MATERIAL PROVIDED
⁂

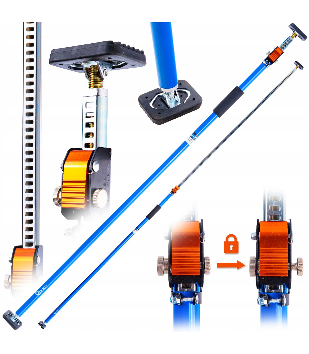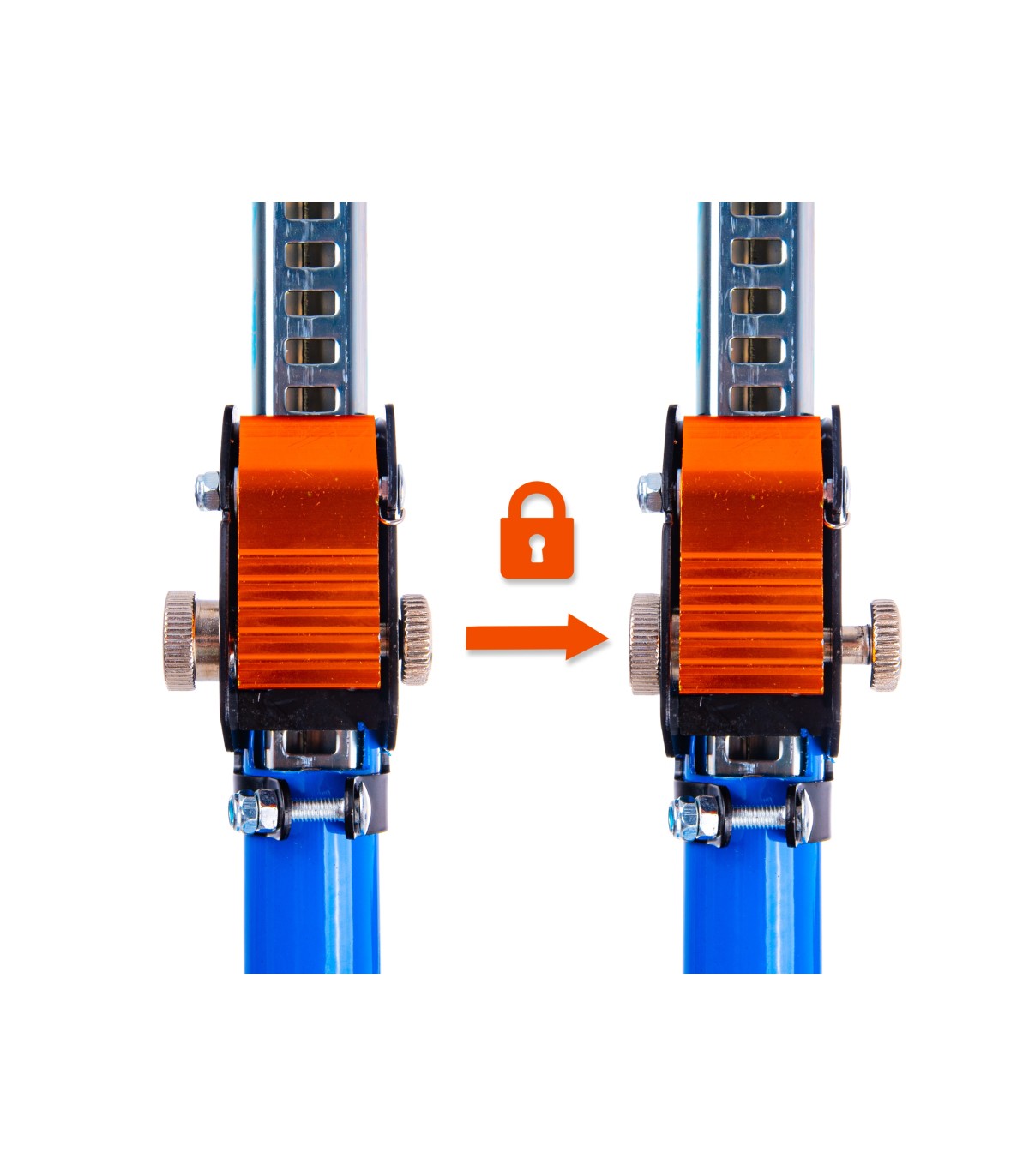 Wstępne ustawienie odbywa się błyskawicznie dzięki systemowi szybkiego mocowania – wystarczy wsunąć rurę i zablokować na żądanej długości.
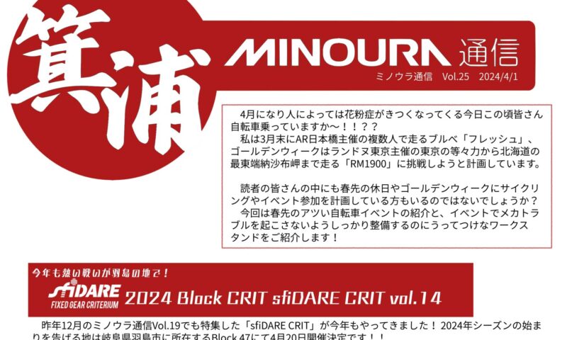 ミノウラ通信 ミノウラ通信vol.25 2024.11.6 今年もやってきました! 「sfiDARE CRIT」第一戦目!!! コースについてのまとめと、レース前のメンテナンスに便利な 「W-3100」を紹介します。 ミノウラ通信 Vol.25 (2024年4月1日) Post Share 投稿者: Shiho ミノウラ通信 ミノウラ通信vol.24 前の記事 ミノウラ通信vol.26 次の記事
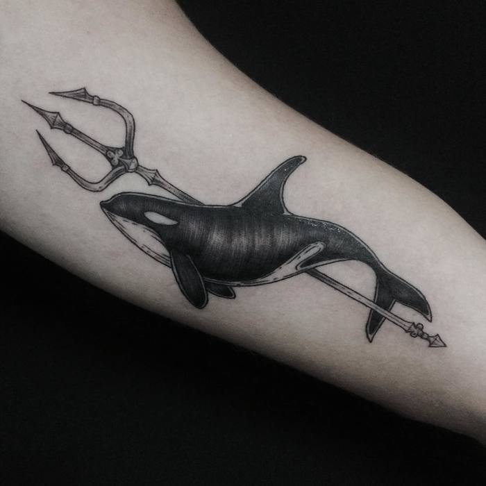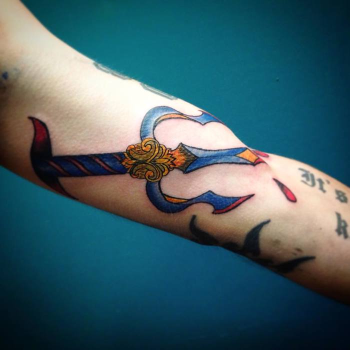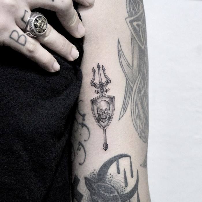 삼지창 문신의 의미는 신들의 미덕과 연결되어 마법의 힘, 지혜, 지배력을 상징한다.
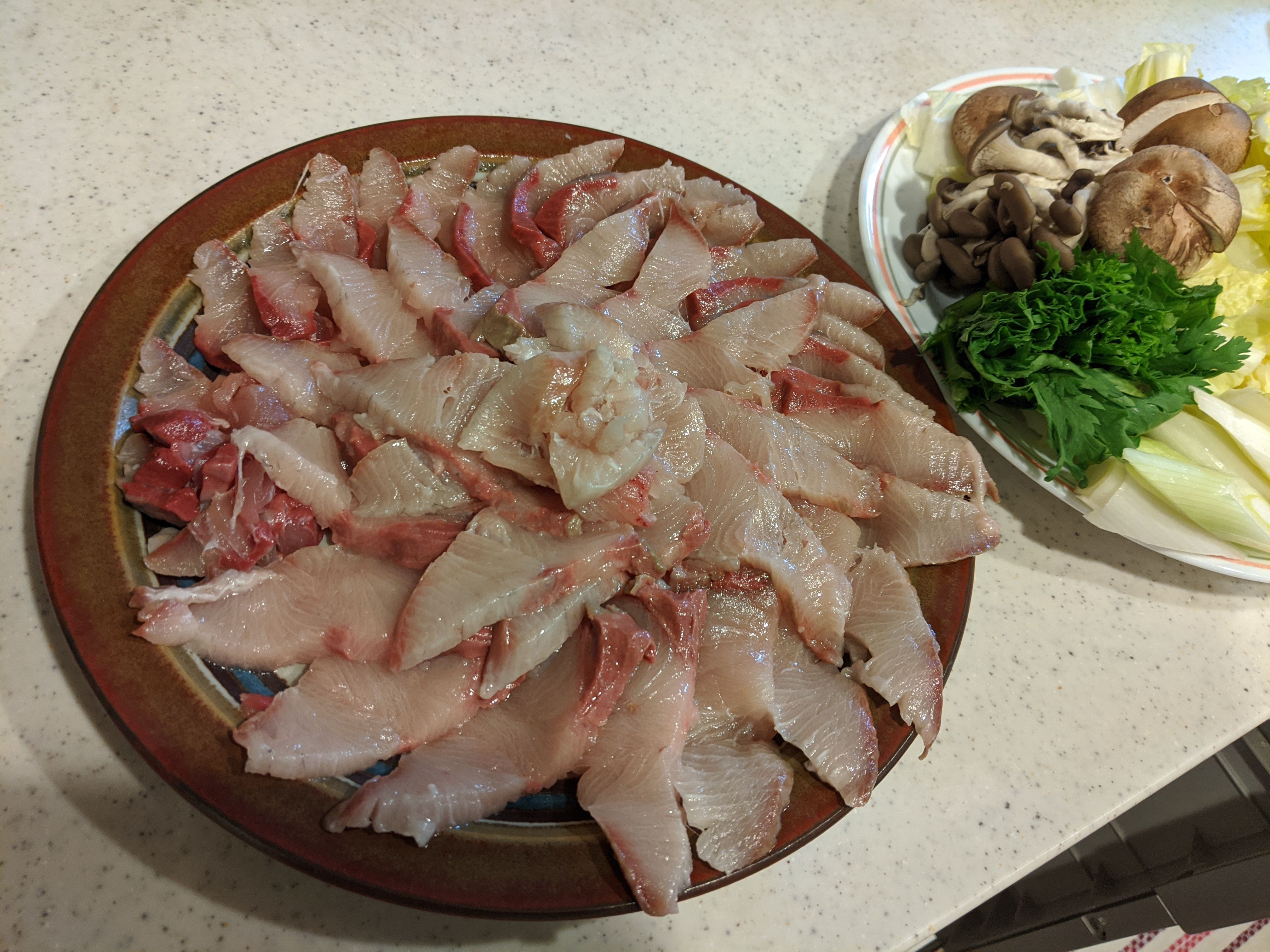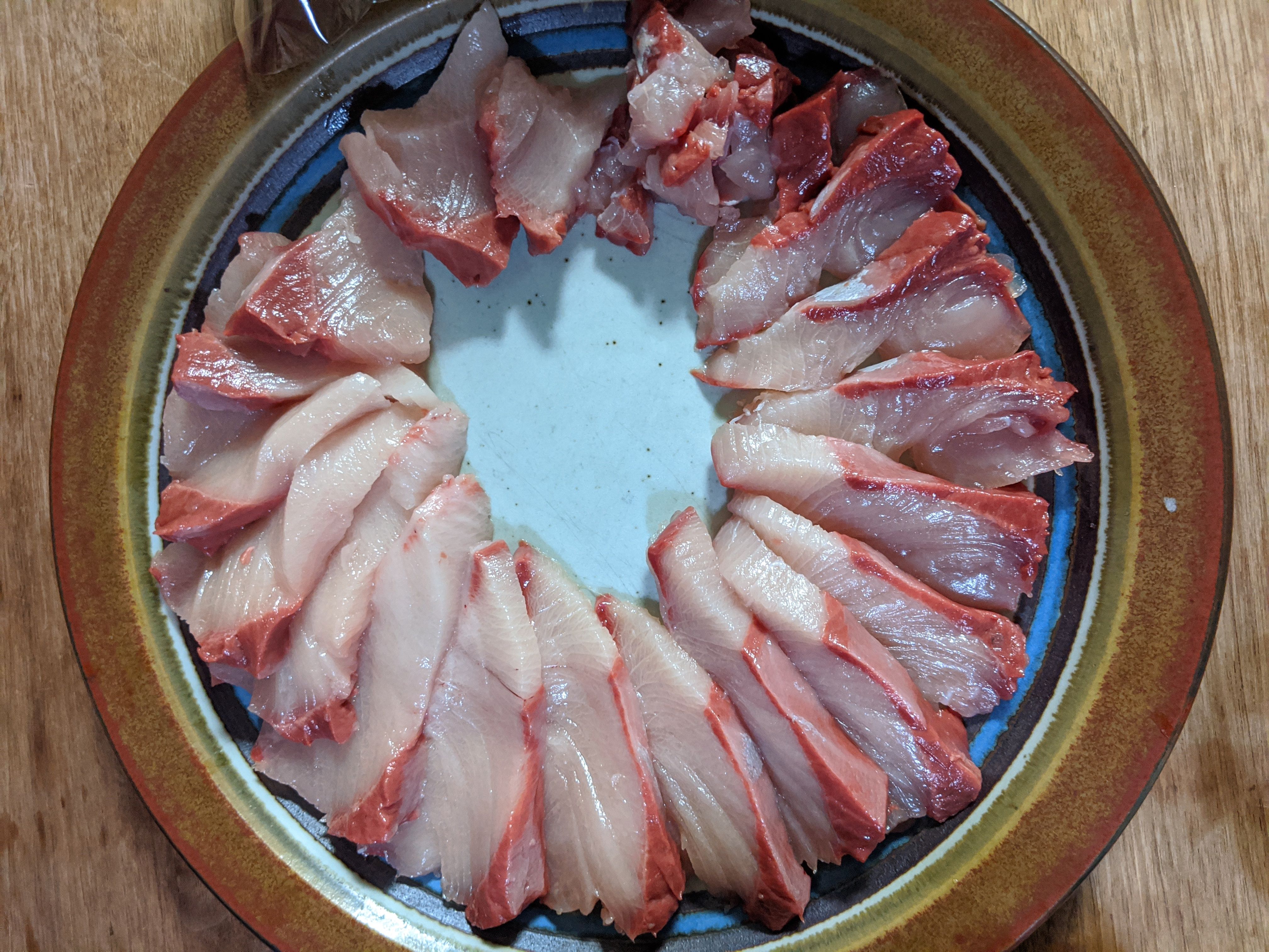 YouTubeで動画を見ながら一生懸命捌いて、まずはお刺身で

⁂

WORK INSTRUCTION
Without any pictures, transcribe the listing above exactly as written.

RESPONSE
 Wstępne ustawienie odbywa się błyskawicznie dzięki systemowi szybkiego mocowania – wystarczy wsunąć rurę i zablokować na żądanej długości.
 ミノウラ通信 ミノウラ通信vol.25 2024.11.6 今年もやってきました! 「sfiDARE CRIT」第一戦目!!! コースについてのまとめと、レース前のメンテナンスに便利な 「W-3100」を紹介します。 ミノウラ通信 Vol.25 (2024年4月1日) Post Share 投稿者: Shiho ミノウラ通信 ミノウラ通信vol.24 前の記事 ミノウラ通信vol.26 次の記事
 삼지창 문신의 의미는 신들의 미덕과 연결되어 마법의 힘, 지혜, 지배력을 상징한다.
 YouTubeで動画を見ながら一生懸命捌いて、まずはお刺身で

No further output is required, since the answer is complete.